**** DATASET EXTRACT

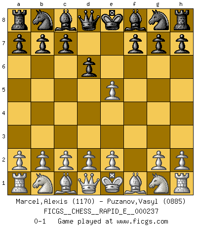 Last move : 0-1 2020 April 28 15:22:11 [Event "FICGS__CHESS__RAPID_E__000237"] [Site "FICGS"] [Date "2020.03.19"] [Round "1"] [White "Marcel,Alexis"] [Black "Puzanov,Vasyl"] [Result "0-1"] [WhiteElo "1170"] [BlackElo "0885"] 1.f4 e5 2.fxe5 d6 0-1 This chess game has been lost on time (started : 2020.03.19 18:30:27) Bird : From gambit Player Black won this chess game. Follow this game move after move (download)When you play Bobby, it is not a question if you win or lose. It is a question if you survive. (Boris Spassky) Es gibt zwei Arten von Opfern: Korrekte und meine. (Mikhail Nekhemyevich Tal) El jugador táctico sabe que hacer cuando hay algo que hacer; mientras que el estratega sabe que hacer cuando no hay nada que hacer. (Gerald Abrahams) Il n'y a plus de joueurs du niveau de Jacob Murray dont la seule quête est le beau jeu, le plaisir de voir les pièces construire quelque chose. Sur 10 idées à la minute, 9 seront sans intérêt, la dernière s'avèrera géniale. (Christian Bauer) A generalist learns less and less about more and more until he knows nothing about everything. (Author unknown)
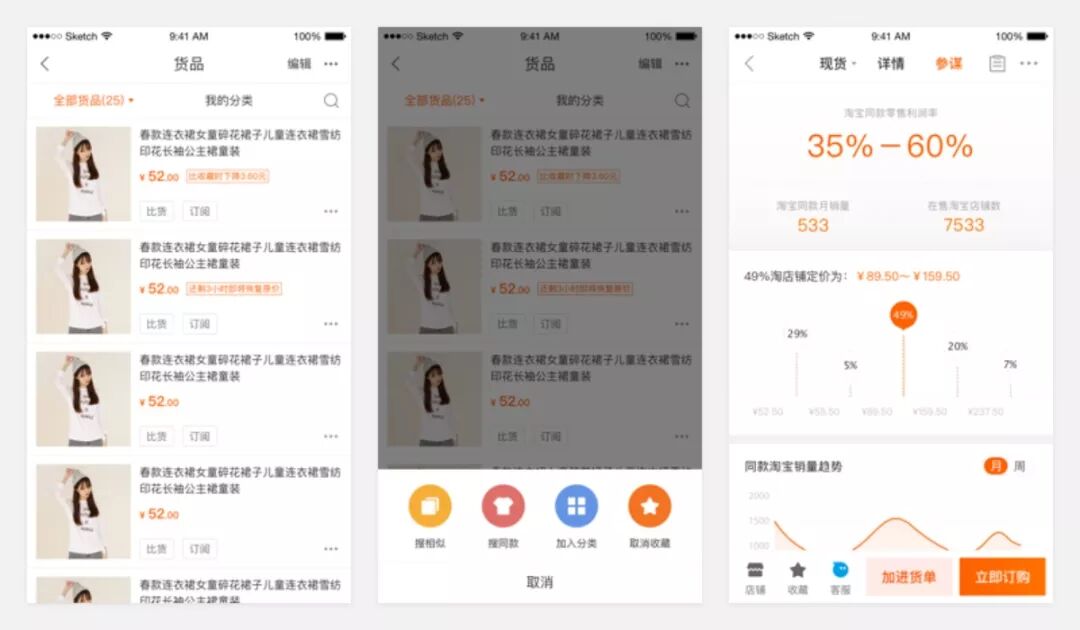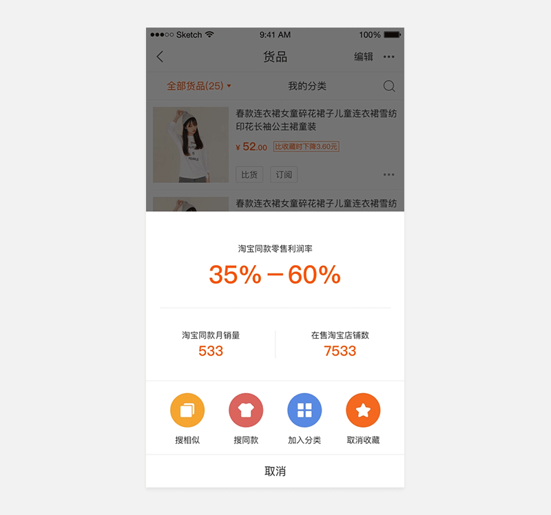 产品问题:C类用户下单是为了自用,下单多取决于感性喜好。而B类用户下单是为了销售,下单时会将产品好不好卖作为自己下单的重要决策因素。因此我们希望在收藏夹场景下,把下游销售数据前置,在买家对感兴趣的商品进行操作时,直接透传相关参谋数据,帮助B类买家更高效的进行二次下单决策。这时问题来了,商品相关下游数据很多,在商品操作半浮层页能否展示相对较多的数据呢?
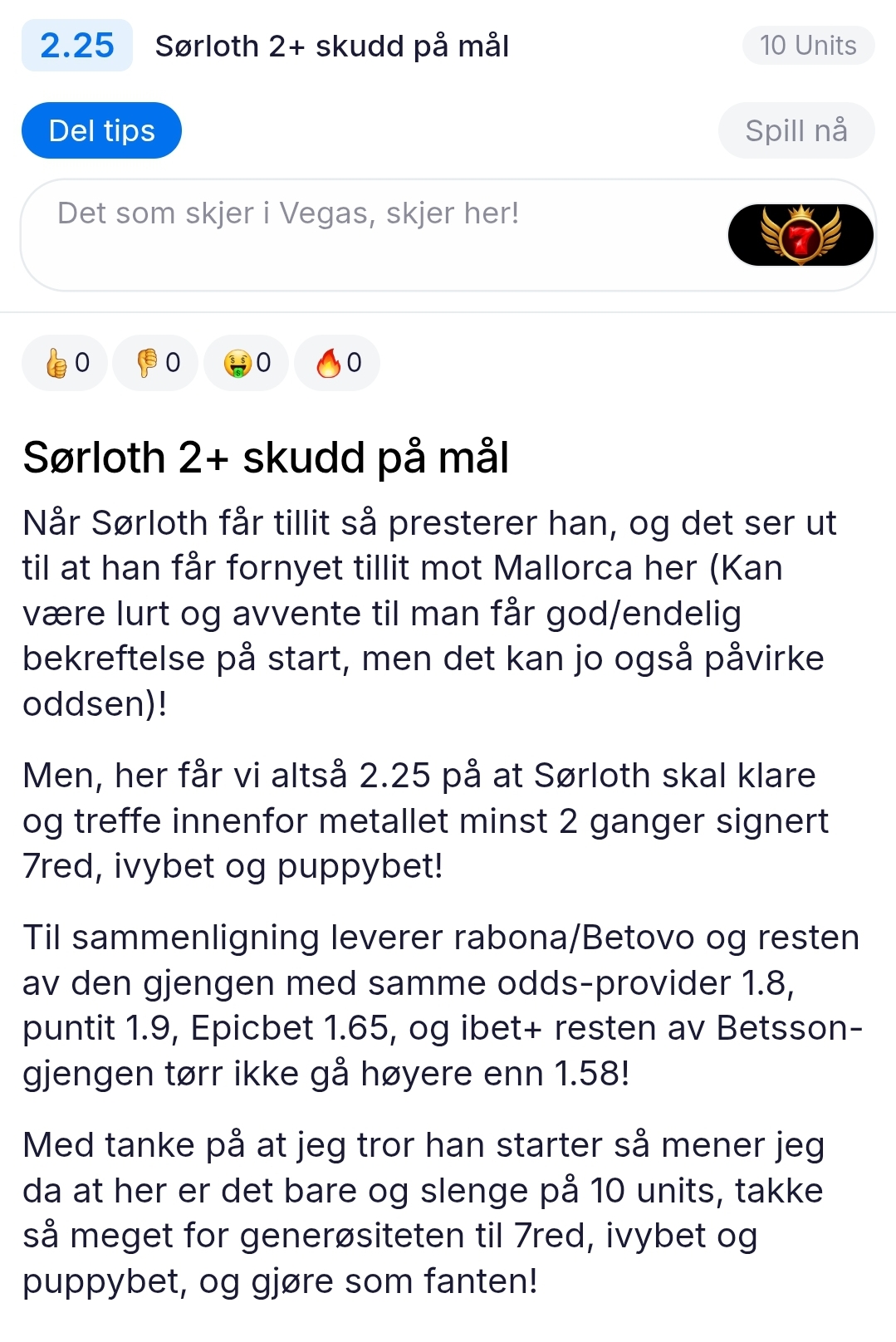 Sørloth 3+ skudd på mål
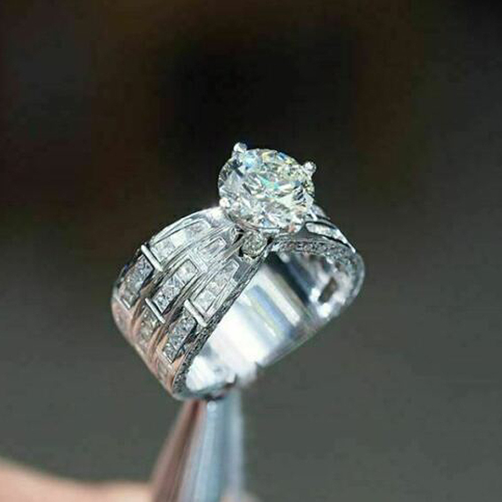 Micro-inlaid celebrity style classic all-match popular ring six-claw zircon wedding ring European and American style light luxury ring

********

• **WORK ORDER**
Here the job is to quote the lines from the one with "产品问题:C类用户下单是为了" through the end of the material, both included, exactly; please skip the pictures.

• **EXERCISE ANSWER**
 产品问题:C类用户下单是为了自用,下单多取决于感性喜好。而B类用户下单是为了销售,下单时会将产品好不好卖作为自己下单的重要决策因素。因此我们希望在收藏夹场景下,把下游销售数据前置,在买家对感兴趣的商品进行操作时,直接透传相关参谋数据,帮助B类买家更高效的进行二次下单决策。这时问题来了,商品相关下游数据很多,在商品操作半浮层页能否展示相对较多的数据呢?
 Sørloth 3+ skudd på mål
 Micro-inlaid celebrity style classic all-match popular ring six-claw zircon wedding ring European and American style light luxury ring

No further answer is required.